In this topic, an OSSClient instance is created by using an OSS endpoint. If you want to create an OSSClient instance by using custom domain names or Security Token Service (STS), see Create an OSSClient instance.
To set CORS rules, you must have the
oss:PutBucketCorspermission. To retrieve CORS rules, you must have theoss:GetBucketCorspermission. To delete CORS rules, you must have theoss:DeleteBucketCorspermission.
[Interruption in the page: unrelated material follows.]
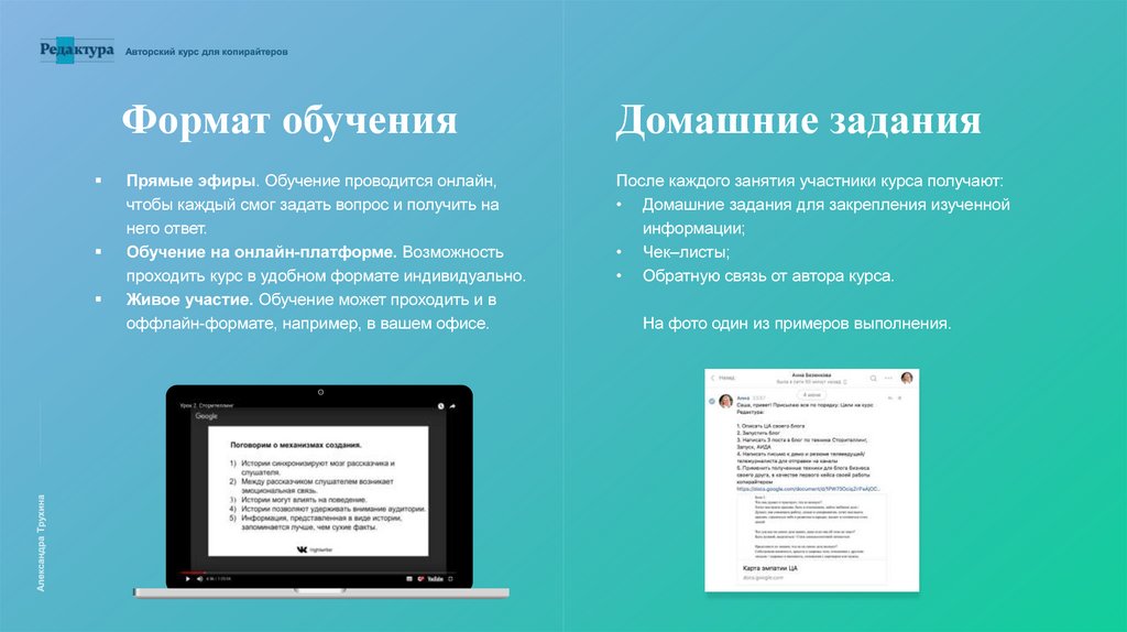 Формат обученияПрямые эфиры. Обучение проводится онлайн,

For more information, see Grant custom permissions to a RAM user.
Set CORS rules
The following code provides an example of how to set the CORS rules for the examplebucket bucket.
<?php
if (is_file(__DIR__ . '/../autoload.php')) {
require_once __DIR__ . '/../autoload.php';
}
if (is_file(__DIR__ . '/../vendor/autoload.php')) {
require_once __DIR__ . '/../vendor/autoload.php';
}
use OSS\Credentials\EnvironmentVariableCredentialsProvider;
use OSS\OssClient;
use OSS\CoreOssException;
use OSS\Model\CorsConfig;
use OSS\Model\CorsRule;
// Get access credentials from environment variables. Before you run this code, make sure that the OSS_ACCESS_KEY_ID and OSS_ACCESS_KEY_SECRET environment variables are set.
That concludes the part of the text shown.